Several initiatives in Indonesia and other countries are already undertaken by local communities to broadcast their own radio program. The aim of these community radios is to pursue the interests of the community, to broadcast local news, to inform about local events or to share local culture. The benefits of these programs are that local communities have the possibility to empower themselves by sharing information, and strengthen their unity by sharing common interests and by using the local language (Nasir, Tanesia, Prakoso and Amri, 2007).
“Community radio is a social process or event in which members of the community associate together to design programmes and produce and air them, thus taking on the primary role of actors in their own destiny, whether this be for something as common as mending fences in the neighbourhood, or a community-wide campaign on how to use clean water and keep it clean, or agitation for the election of new leaders. The emphasis is on the ownership of democratic and development efforts by the members of the community themselves and the use of media, in this case radio, to achieve it. In every sense, this is participatory communication (not programmes made about them by somebody else!).” (Fraser and Estrada, 2001, p. 1)
Other than TV and radio, there are other key channels of oral communication of information including sponsors and employment agencies. Potential domestic workers, because of their lack of access to information, are dependent on what they are being told by sponsors or on a pre-departure program offered by agencies, however, there is a problem of conflicting interests and resultant reliability of information provided this way. Further sources for oral information might be family members and friends who already have experience with working overseas.
Some returned migrant domestic workers are now working together with NGOs to share their experiences with prospective migrant workers or to organize a supporting infrastructure. One of them is Nirmala Bonat, a young Indonesian woman whose case became famous because of the severity of her abuse during her employment in Kuala Lumpur. She was willing to share her plight in a TV documentary and initiated the DW Action Line (Domestic Worker Action Line) at Tenaganita (Tenaganita, 2008). Other returned domestic migrant workers, such as Sri Suryani, became active in the Union for Indonesian Migrant Workers (SBMI). Sri explained her intention: “I am telling my own story, but many people have the same experiences. I want to help them to ease their burden, so they don’t feel helpless and overwhelmed. They need to move on from their experiences. I hope others don’t have the same experiences.” (Tenaganita, 2005).

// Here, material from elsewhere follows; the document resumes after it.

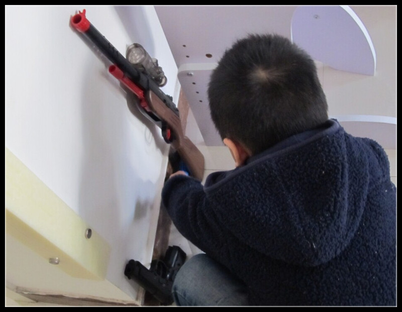 Aric没有起床气令我很满意,虽然最近因为天冷他总想睡懒觉,但是只要你挠挠他,他很快就会笑着起床,而且一整天都会心情倍儿好。我俩洗刷过后,都分别自己把衣服穿好,Aric现在已经长大了,衣服都是自己穿,鞋也是自己穿,不过唯有袜子,他始终都穿不好,总能把脚后跟的位置放在了上面,搞得每次都会满头大汗。等一切准备就绪了,我把包包什么的都拿好,Aric这时突然不走了,咦?小家伙在干嘛捏? ![]() 原来今天穿的外套有个大帽子,Aric戴上了帽子后发现挡住了眼睛,可是他没有把帽子掀开一点,反而又往下拽了拽。从我的位置看下去,就完全看不到Aric的脸了,Aric倒是觉得特别好玩。而我如果和他平行,那么也只能看到他的鼻子和嘴巴。这时Aric把他的步枪拿了起来低着头,帽子盖到了眼睛上,然后对准了我,问我:“妈妈,你看我这样帅吗?”说着还摆了几个姿势,瞬间让我感觉这孩子咋就那么自恋呢。 ![]() 不过我还是认真的回答他,帅呆了、酷毙了!Aric哈哈大笑,说“妈妈赶紧拿相机给我拍下来,我要给爸爸看我这个帅哥。”我在拍照的时候,Aric又摆了几个姿势,绝对的自恋啊!因为我们时间还很充裕,所以我也就很配合Aric玩了一会,不过再不走可就要赶时间了哦,Aric说等等,然后就把他的步枪立在了书桌旁边,地板有点滑,在立的时候总是会歪倒,我也很耐心的等待Aric,因为Aric是个处女座的孩子,如果不弄好,他会不舒服,绝对的将求完美啊。 ![]() 终于把步枪立好了,我问可以走了吗?Aric想了想,问还有几分钟可以给他?我看看时间,可以再给你5分钟。Aric很高兴的拽着我的袖子让我低下头,然后给了我一个很响亮的kiss,接着Aric就去沙发把另外几只枪拿出来,分别立在了墙面上。不过因为其中一把枪无法竖着立,他也只好很无奈的横着靠在墙上,嘴里还念叨着“哎,买错了,怎么买了个另类呢。”我忍着笑看他把枪放好,他才心满意足的看了一圈,和我出门上学去喽。 ![]() 摆出这个姿势的时候,Aric问我:“妈妈,你看我这样帅吗?” ![]() 自恋的小家伙特别喜欢弄些奇怪的样子,不过这个样子给我的感觉好萌哦。 ![]() 摘了帽子,我依旧是个最帅的帅哥,哈哈 ![]() 不急不忙的在把他的枪靠在墙面上,这孩子太讲求完美了,不放好,他就不会出门。 ![]() 终于放好了,4把枪立了3把,只有一把不配合的躺着。 ![]() Aric最近特别迷恋警察,不过他可不是说要惩奸扶弱,而是要保卫地球哦。(绝对看奥特曼看多了)

Alternative Dissemination Strategies
Some of the following ideas are taken from experiences of other target groups, in other countries or within other contexts and some combine modern and traditional forms of information dissemination.
The first is an example from Malaysia which demonstrates that it is feasible to connect remote villages to the World Wide Web: the e-Bario project. The village of Bario is located in the Kelabit Highlands in Sarawak on the island of Borneo, not far from the Indonesian border. It is a highly isolated and remote place. Since Bario is not accessible by road, prior to the possibility of flying there, the inhabitants had to walk far through the jungle, climb mountains, cross rivers and valleys for several weeks in order to reach the next town. 93 percent of the 1,000 community members are farmers (ESCAP, 2006; UNIMAS, 2005).
The community was “a real case of digital divide and digital poverty” (UNIMAS, 2005); isolated and remote location, no telecommunication service, electricity generated by solar energy or generators. Therefore, and for the community’s readiness to participate, the research team from University Malaysia Sarawak (UNIMAS) chose Bario for their research project to determine opportunities for social development available from the deployment of ICT within remote communities in Sarawak. The achievements of the project were as follows:
- establishment of a community telecentre with ten computers, printers, a copier and a fax machine;
- installation of four VSAT satellite dishes and equipment, which are now providing a satellite communications link to the telecentre and the school;
- establishment of six public telephone booths, which have a great impact on the community’s means to communicate with members of the community residing outside Bario and therefore have eased information flow in and out of Bario.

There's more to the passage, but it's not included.